EXERCISE DATA START

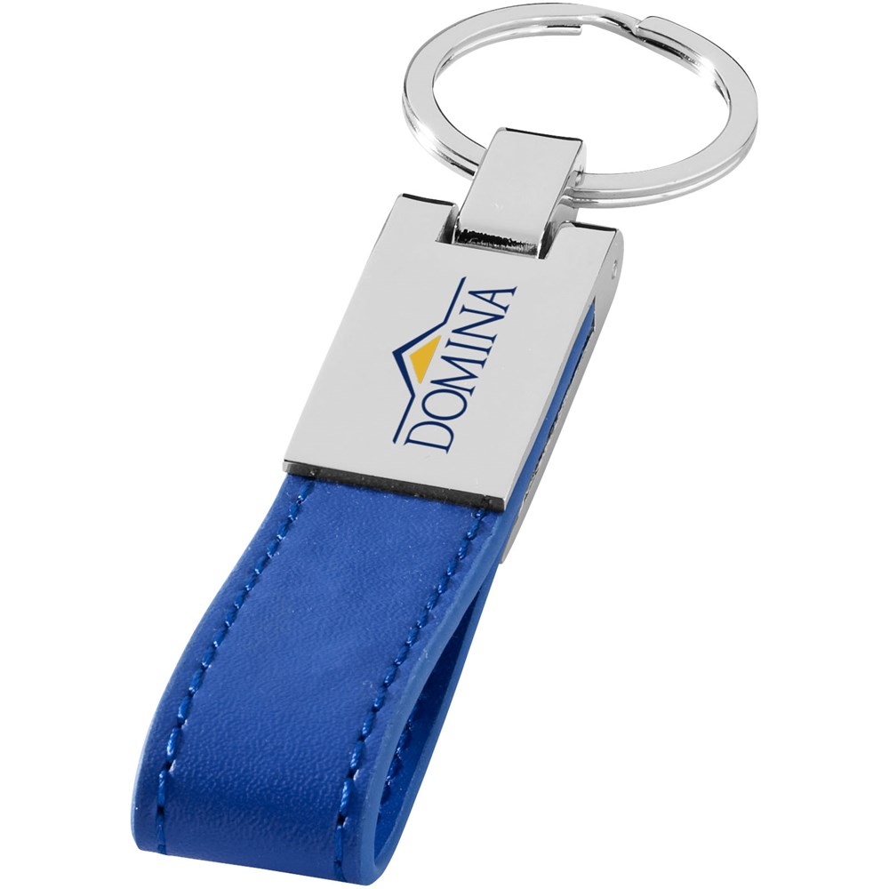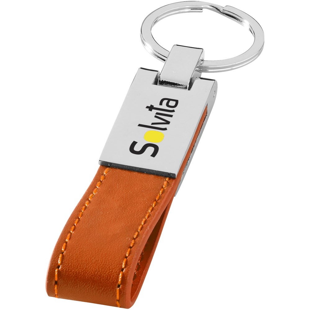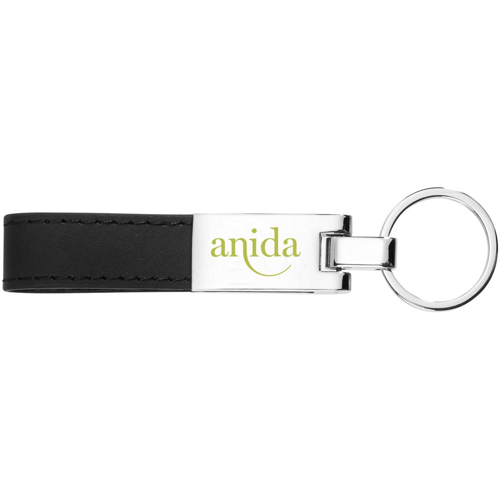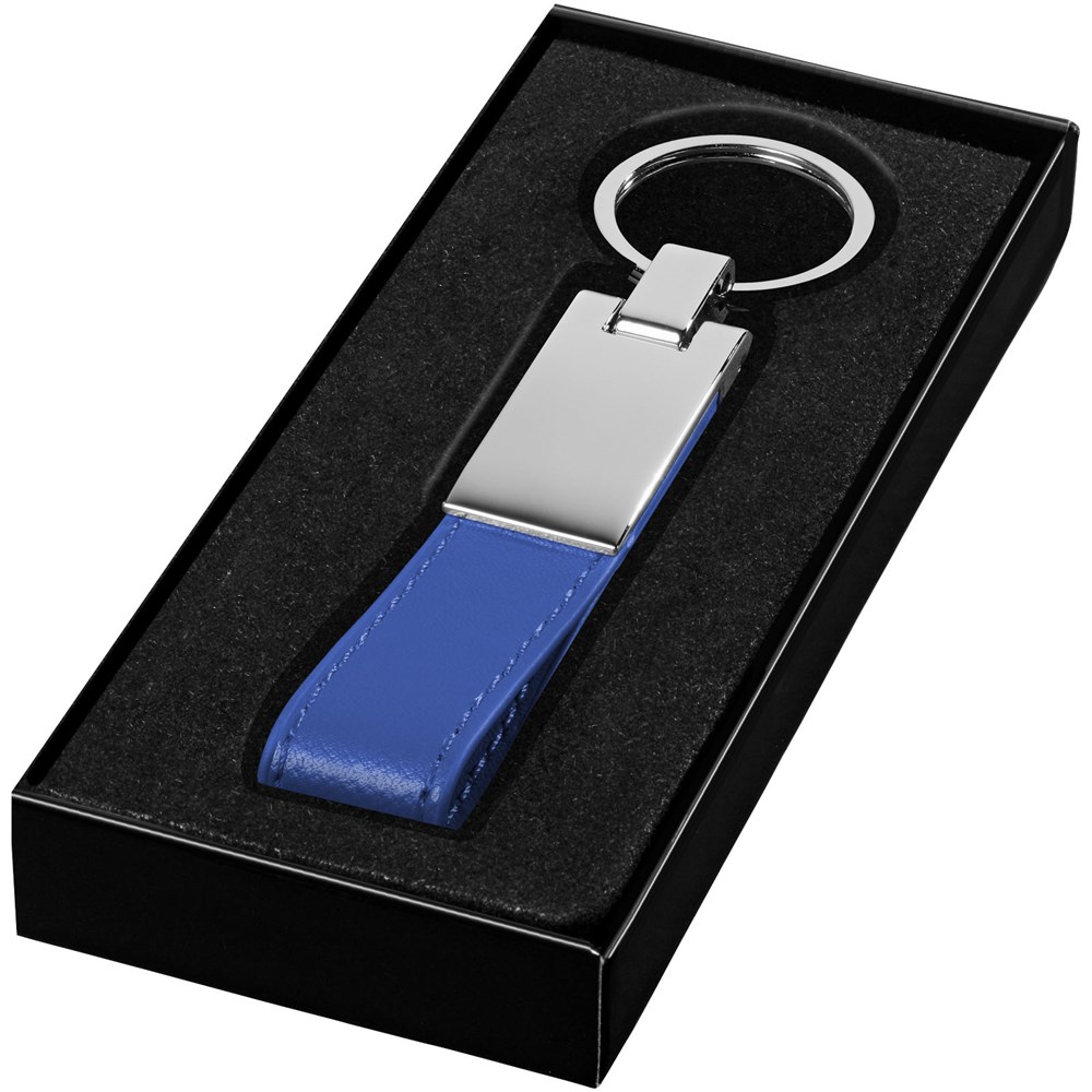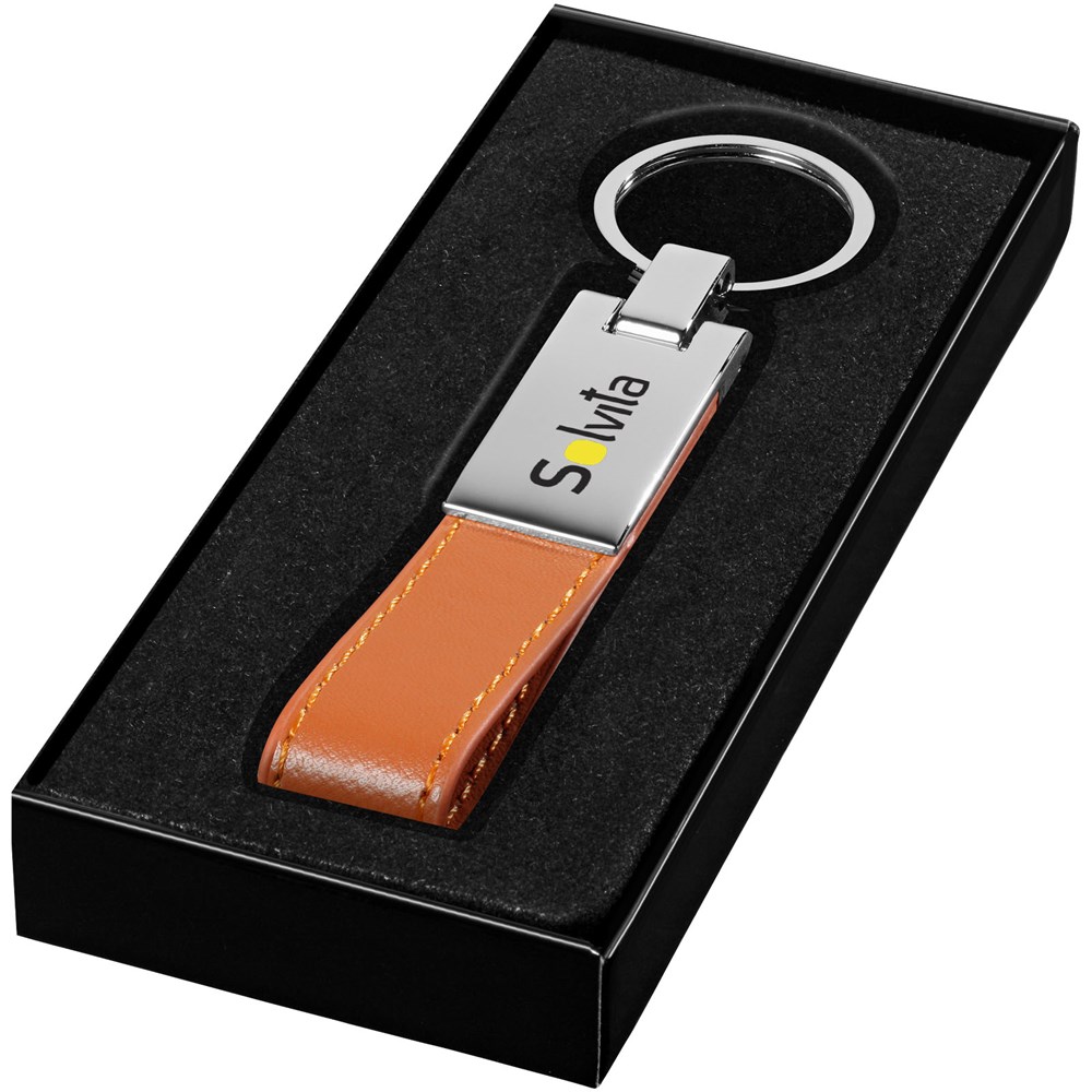 Verzilverde sleutelhanger geleverd in een zwarte geschenkverpakking.
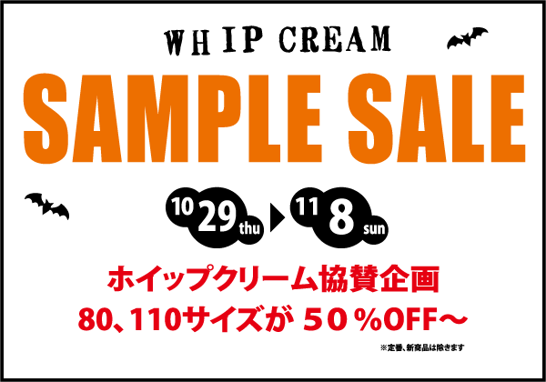 [SAMPLE SALEのお知らせです!] ヨーロピアンテイストのガールズブランド、「Whip Cream」の秋冬アイテム・サンプルセールを開催します!! サンプルのお品なので110サイズがメインとなりますが、一部ですが80サイズもあります。 90〜100サイズのお子さまも着ていただけるようなサイズ感のものもありますので、ぜひ一度ご覧くださいね★ 10月29日〜11月8日(11月4日は休業日です)で開催中!JUGEMテーマ:和歌山
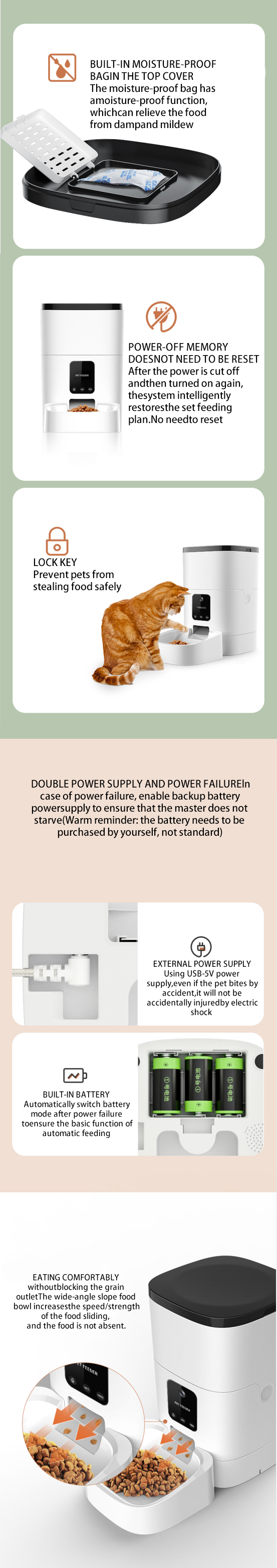 Never Missing A Meal: The Feeder Is Only Suitable For 2-12mm Dry Pet Food. The Timetable For Providing Pets Is Up To 10 Meals, With 1-10 Servings Per Meal, And Each Serving Is About 8-10 Grams.if The Food Is Insufficient, Our App Will Remind You On It.
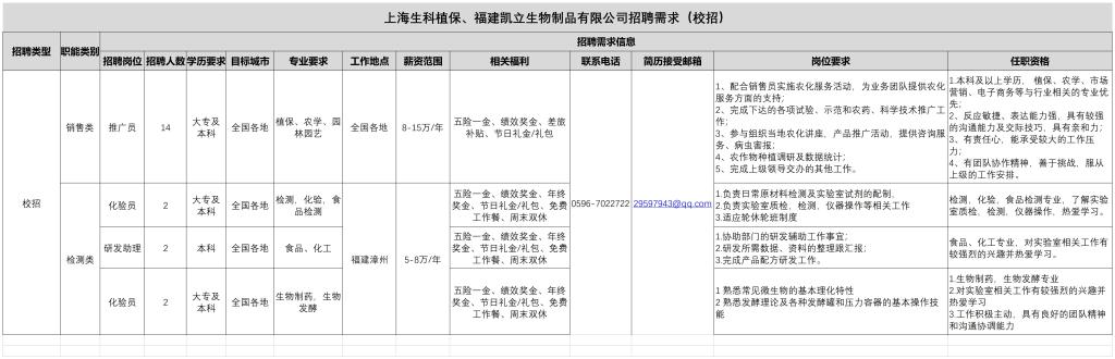 【就业信息】上海生科植保、福建凯立生物制品有限公司招聘需求
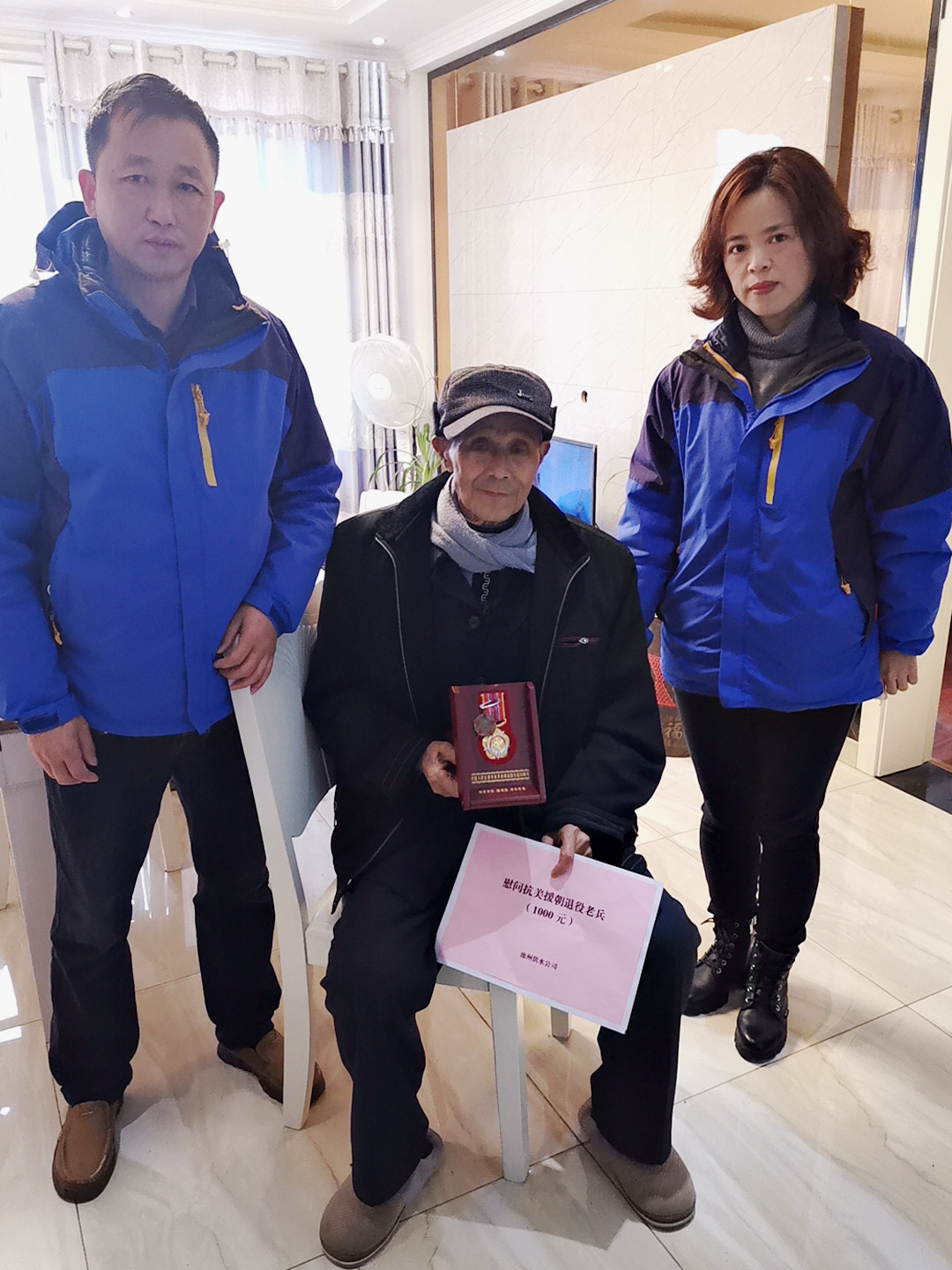偉大時(shí)代呼喚偉大精神,崇高事業(yè)需要榜樣引領(lǐng)。2020年是中國(guó)人民志愿軍抗美援朝出國(guó)作戰(zhàn)70周年,池州市供水有限公司與平天湖社區(qū)在對(duì)社區(qū)進(jìn)行走訪摸排中,發(fā)現(xiàn)社區(qū)住有一位抗美援朝老兵。2021年1月26日,由池州市供水公司工會(huì)主席施潔帶隊(duì),有省住建系統(tǒng)勞動(dòng)模范汪學(xué)斌、綜合辦相關(guān)工作人員參加的一行,在平天湖胡桂珍書(shū)記帶領(lǐng)下,走進(jìn)了平天湖社區(qū)江山郡小區(qū)抗美援朝老兵左新德家,對(duì)這位年近90的老英雄進(jìn)行了新春慰問(wèn)。
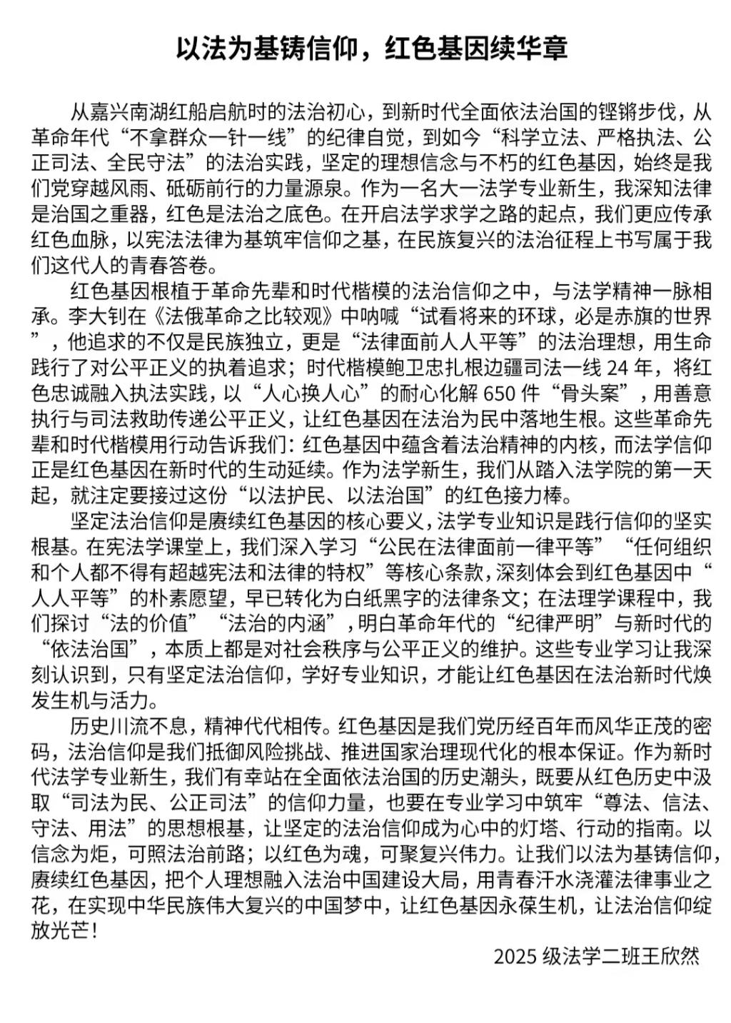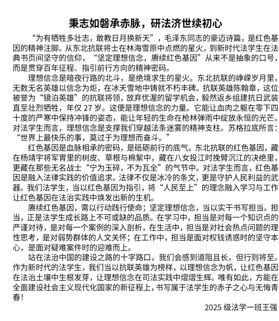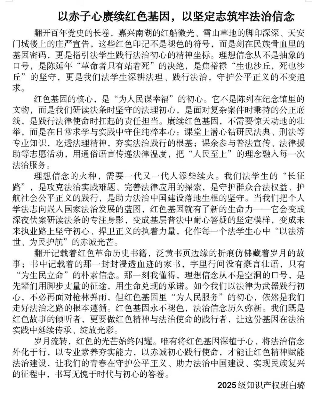 为鼓励同学们深入思考,法学院同步开展了主题征文活动。引导广大学生围绕“坚定理想信念,传承红色基因”这一主题,结合自身学习、生活实际以及对专业的理解,踊跃投稿,充分展现了法学院青年学子将个人成长融入国家发展的自觉追求与坚定决心。

EXERCISE DATA END

TASK ITEM:
Give back, word for word, the lines from the one with "偉大時(shí)代呼喚偉大精" to the end of the records above, and no pictures.

SOLUTION TO THIS PROBLEM:
偉大時(shí)代呼喚偉大精神,崇高事業(yè)需要榜樣引領(lǐng)。2020年是中國(guó)人民志愿軍抗美援朝出國(guó)作戰(zhàn)70周年,池州市供水有限公司與平天湖社區(qū)在對(duì)社區(qū)進(jìn)行走訪摸排中,發(fā)現(xiàn)社區(qū)住有一位抗美援朝老兵。2021年1月26日,由池州市供水公司工會(huì)主席施潔帶隊(duì),有省住建系統(tǒng)勞動(dòng)模范汪學(xué)斌、綜合辦相關(guān)工作人員參加的一行,在平天湖胡桂珍書(shū)記帶領(lǐng)下,走進(jìn)了平天湖社區(qū)江山郡小區(qū)抗美援朝老兵左新德家,對(duì)這位年近90的老英雄進(jìn)行了新春慰問(wèn)。
 为鼓励同学们深入思考,法学院同步开展了主题征文活动。引导广大学生围绕“坚定理想信念,传承红色基因”这一主题,结合自身学习、生活实际以及对专业的理解,踊跃投稿,充分展现了法学院青年学子将个人成长融入国家发展的自觉追求与坚定决心。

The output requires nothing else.